TASK TO COMPLETE.
Exactly as written, reproduce the lines from the beginning of the data through the line containing "[Don Quixote insists"; the pictures are not reproduced.

SOURCE INFORMATION.
----

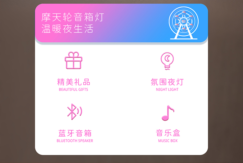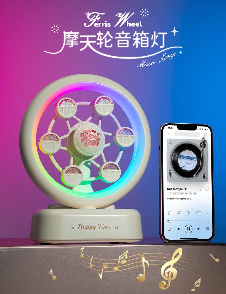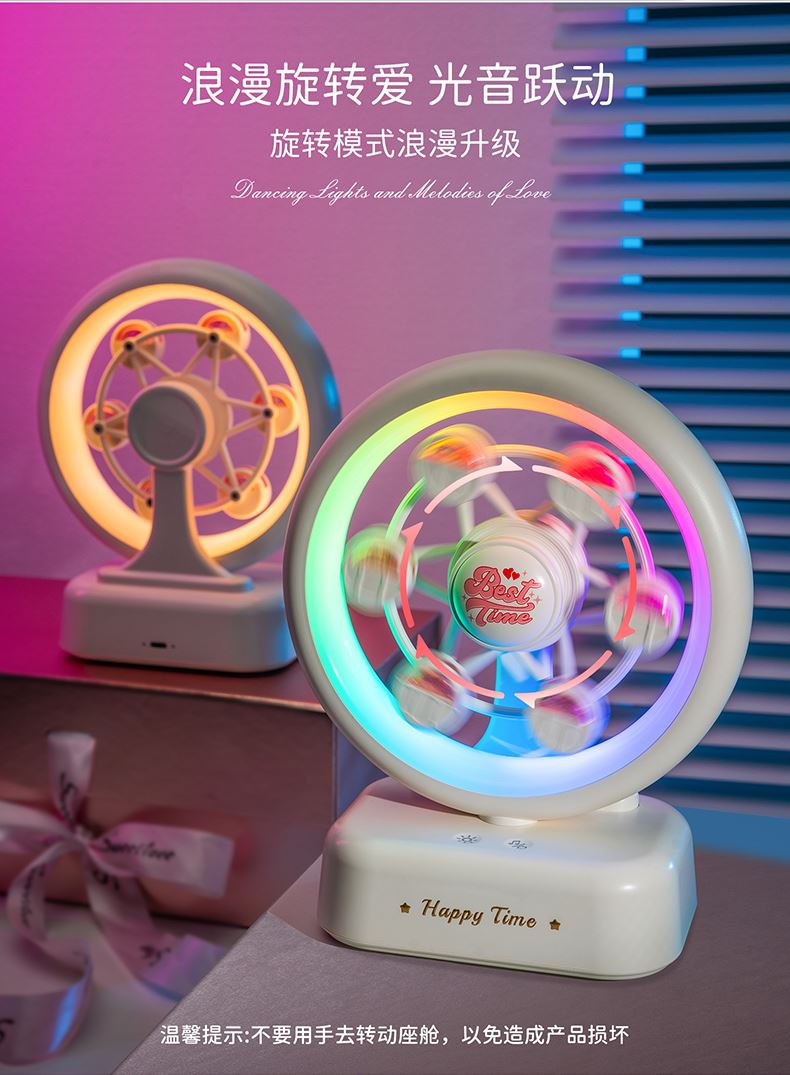 摩天轮产品参数 产品:摩天轮音箱灯(八音盒款) 产品型号:TW-S012 输入电压:5V⎓1A LED功率:0.6W(82x0.2W/LED模块) 额定功率:4W 电机功率:0.2W 色温:4000K/3000K/6000K 电池容量:1800mAh/18650 充电时间:≈3-4H 八音盒续航时间:≈60-180H 灯光续航时间:≈14-120H 八音盒+灯光续航时间:≈12-75H
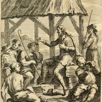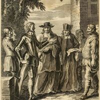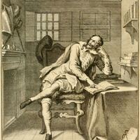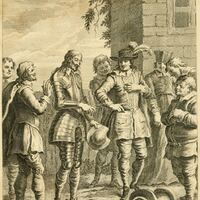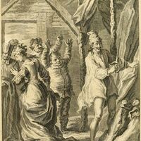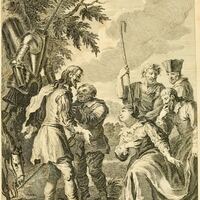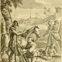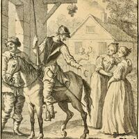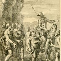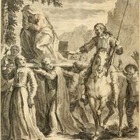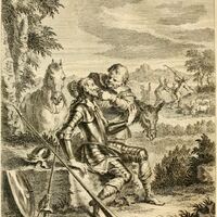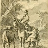 [Don Quixote insists the barber's basin is Mambrino’s helmet]
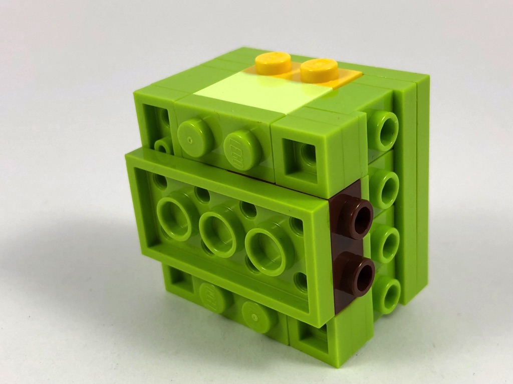 La construction de Bouffe-Tout est plus intéressante. On pouvait s’en douter : la forme particulière du fantôme nécessite quelques techniques bien pensées pour donner une forme arrondie au bas du « corps » de l’ectoplasme. Grâce à un assemblage astucieux de Brick, Modified 1 x 1 with Headlight, décalées d’un quart de tour les unes par rapport aux autres, on dispose de tenons sur la partie inférieure du corps.
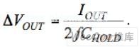 在第二階段,C1+連接到輸出,放電電流(電流大小與前面的充電電流相同)通過C1流到負載。在這個階段,輸出電容電流的變化大約為2IOUT。盡管這個電流變化應(yīng)該能產(chǎn)生一個輸出電壓變化為2IOUTESRC_HOLD,使用低ESR的陶瓷電容使得這種變化可以忽略不計。此時,CHOLD按下面的電量線性電位充電︰
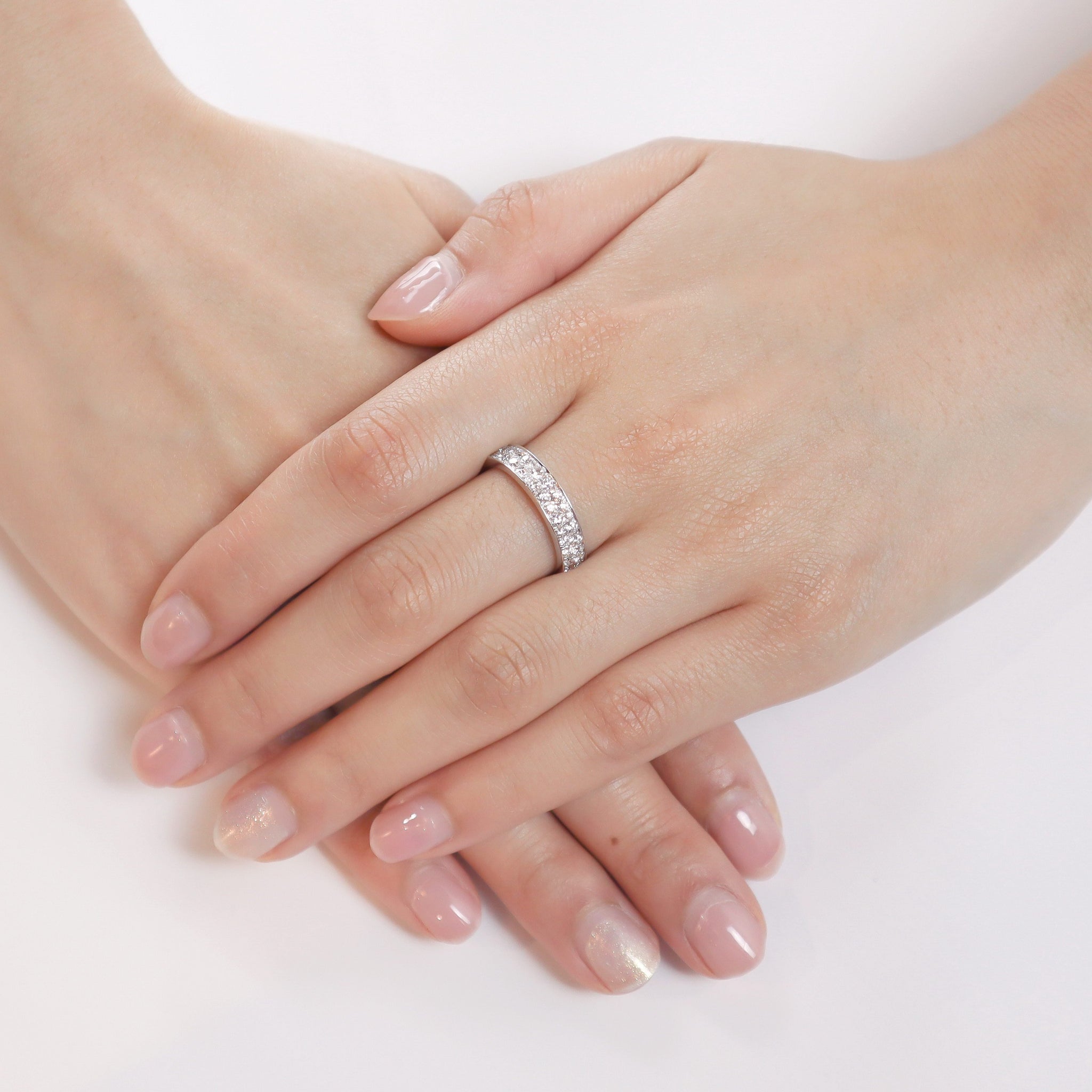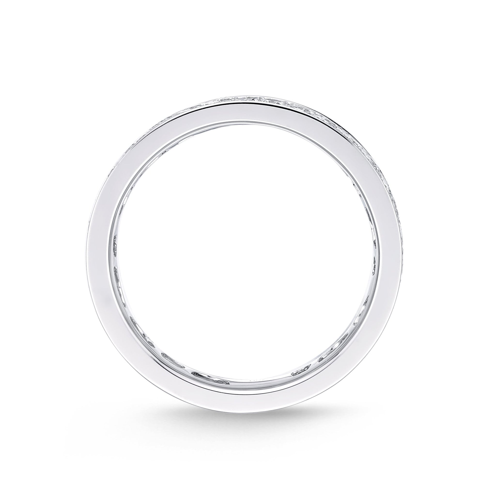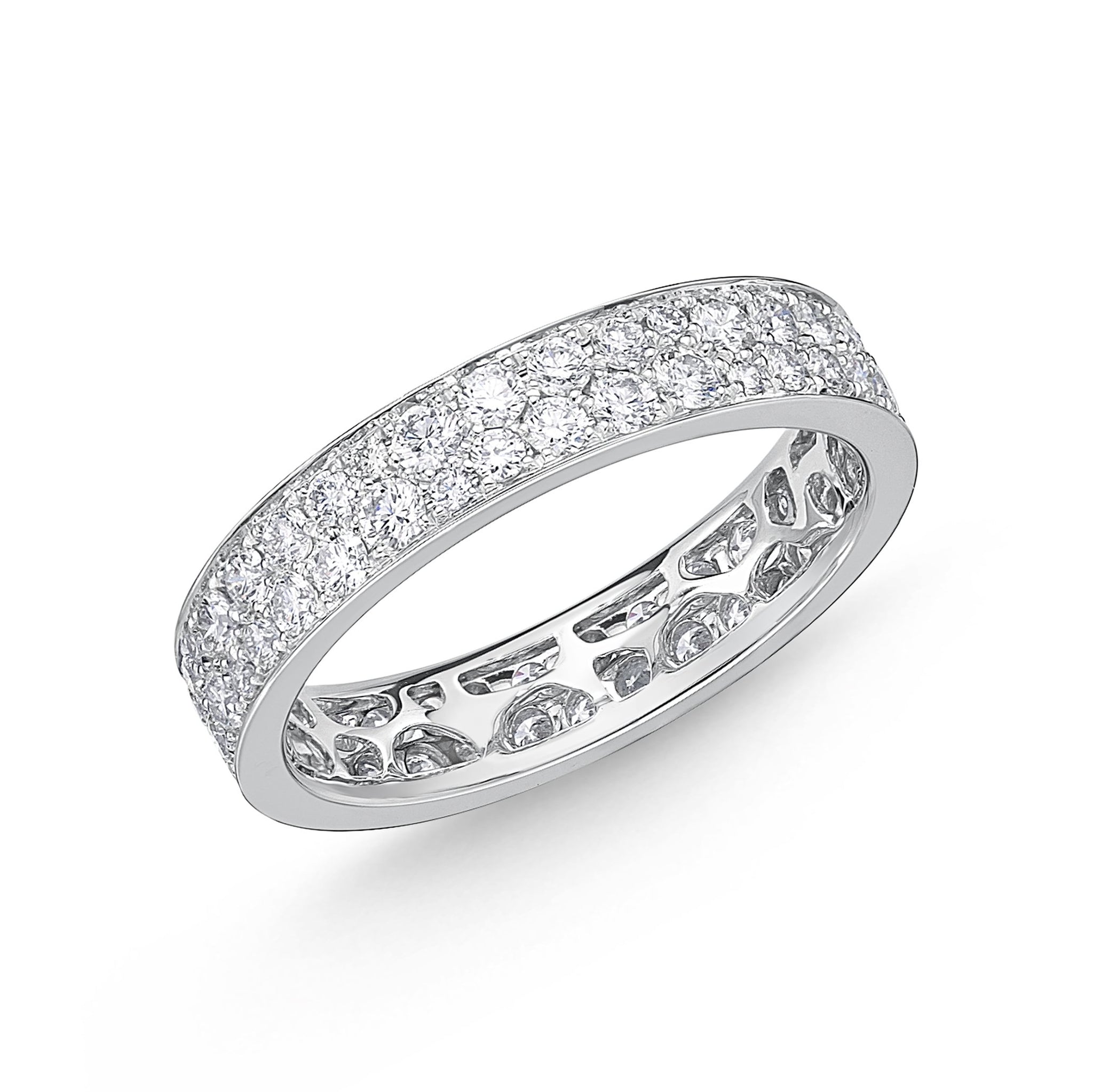 Comfort fit eternity band in snow setting, brilliantly engineered to achieve the same carat weight same price across ring sizes #5 to #7.5

----

EXERCISE RESULT.
 摩天轮产品参数 产品:摩天轮音箱灯(八音盒款) 产品型号:TW-S012 输入电压:5V⎓1A LED功率:0.6W(82x0.2W/LED模块) 额定功率:4W 电机功率:0.2W 色温:4000K/3000K/6000K 电池容量:1800mAh/18650 充电时间:≈3-4H 八音盒续航时间:≈60-180H 灯光续航时间:≈14-120H 八音盒+灯光续航时间:≈12-75H
 [Don Quixote insists the barber's basin is Mambrino’s helmet]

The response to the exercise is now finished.